As the Transformers architecture scaled well in Natural Language Processing, the same architecture was applied to images by creating small patches of the image and treating them as tokens. The result was a Vision Transformer (Vision Transformers). Before we get started with transfer learning / fine-tuning concepts, let’s compare Convolutional Neural Networks (CNNs) with Vision Transformers.

CNN vs Vision Transformers: Inductive Bias

Inductive bias is a term used in machine learning to describe the set of assumptions that a learning algorithm uses to make predictions. In simpler terms, inductive bias is like a shortcut that helps a machine learning model make educated guesses based on the information it has seen so far.

Here’s a couple of inductive biases we observe in CNNs:

  • Translational Equivariance: an object can appear anywhere in the image, and CNNs can detect its features.
  • Locality: pixels in an image interact mainly with its surrounding pixels to form features.

These are lacking in Vision Transformers. Then how do they perform so well? It’s because they’re highly scalable and they’re trained on massive amounts of images. Hence, they overcome the need for these inductive biases.

Using pre-trained Vision Transformers

It’s not feasible for everyone to train a Vision Transformer on millions of images to get good performance. Instead, one can use openly available models from places such as the Hugging Face Hub.

What do you do with the pre-trained model? You can apply transfer learning and fine-tune it!

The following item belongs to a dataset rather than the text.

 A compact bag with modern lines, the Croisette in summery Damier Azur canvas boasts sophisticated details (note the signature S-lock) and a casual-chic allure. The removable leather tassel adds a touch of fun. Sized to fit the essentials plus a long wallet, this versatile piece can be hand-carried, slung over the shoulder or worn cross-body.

Transfer Learning & Fine-Tuning for Image Classification

The idea of transfer learning is that we can leverage the features learned by the Vision Transformers trained on a very large dataset and apply these features to our dataset. This can lead to significant improvements in model performance, especially when our dataset has limited data available for training.

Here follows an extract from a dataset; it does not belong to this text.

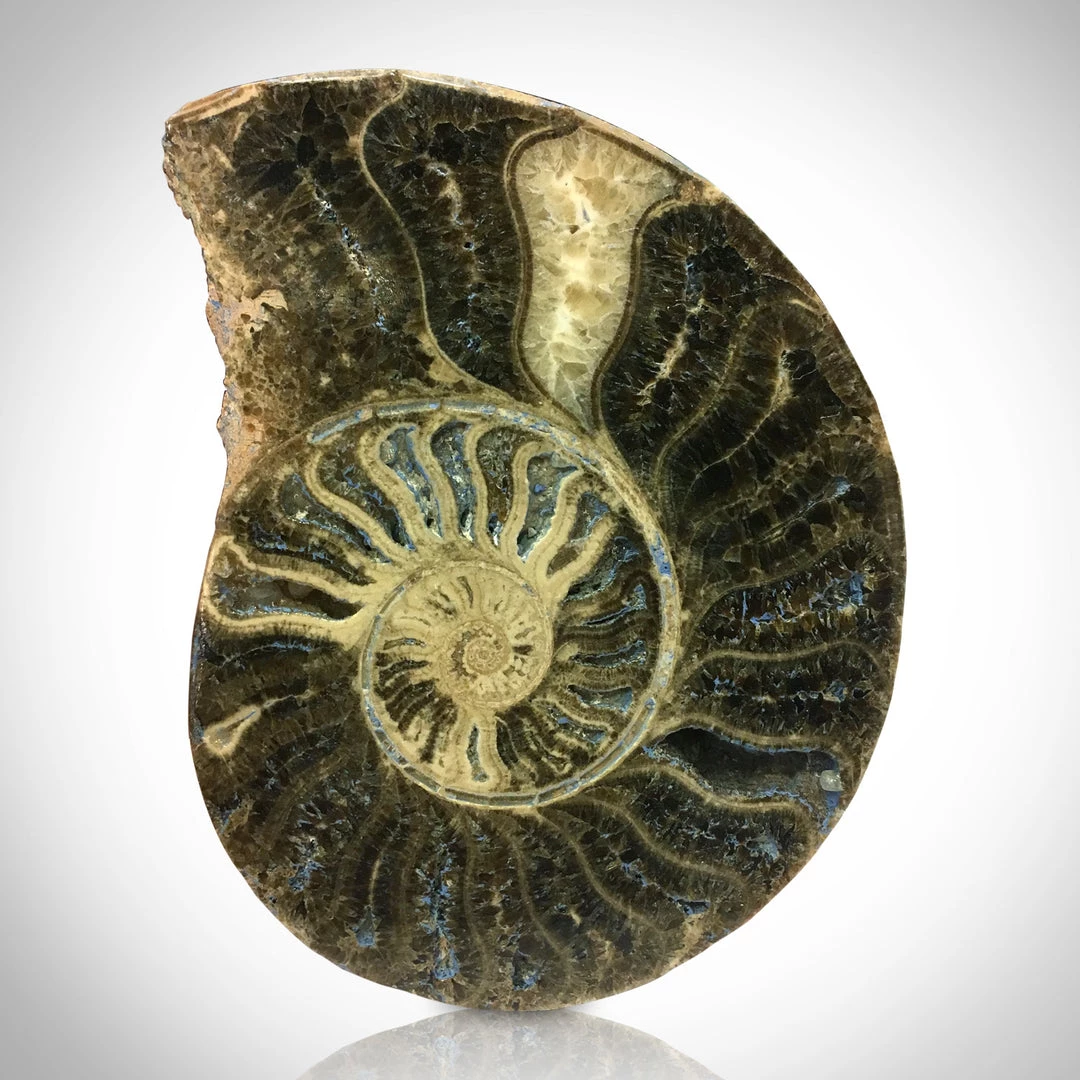 This custom museum display showcases an Authentic Ammonite Shell Fossil which is 66 million years old. Ammonoids are an extinct group of marine mollusc animals in the subclass Ammonoidea of the class Cephalopoda. These molluscs are more closely related to living coleoids (i.e., octopuses, squid, and cuttlefish) than they are to shelled nautiloids such as the living Nautilusspecies. The earliest ammonites appear during the Devonian, and the last species died out during the Cretaceous–Paleogene extinction event.

Since we are taking advantage of the learned features, we do not need to update the entire model either. By freezing most of the weights, we can train only certain layers to get excellent performance with less training time and low GPU consumption.

Multi-class Image Classification

You can go through the transfer learning tutorial using Vision Transformers for image classification in this notebook:

Open In Colab

This is what we’ll be building: an image classifier to tell apart dog and cat breeds:


It might be that the domain of your dataset is not very similar to the pre-trained model’s dataset. Yet, instead of training a Vision Transformer from scratch, we can choose to update the weights of the entire pre-trained model albeit with a lower learning rate, which will “fine-tune” the model to perform well with our data.

However, in most scenarios, applying transfer learning is ample in the case of Vision Transformers.

Multi-label Image Classification

The tutorial above teaches multi-class image classification, where each image only has 1 class assigned to it. What about scenarios where each image has multiple labels in a multi-class dataset?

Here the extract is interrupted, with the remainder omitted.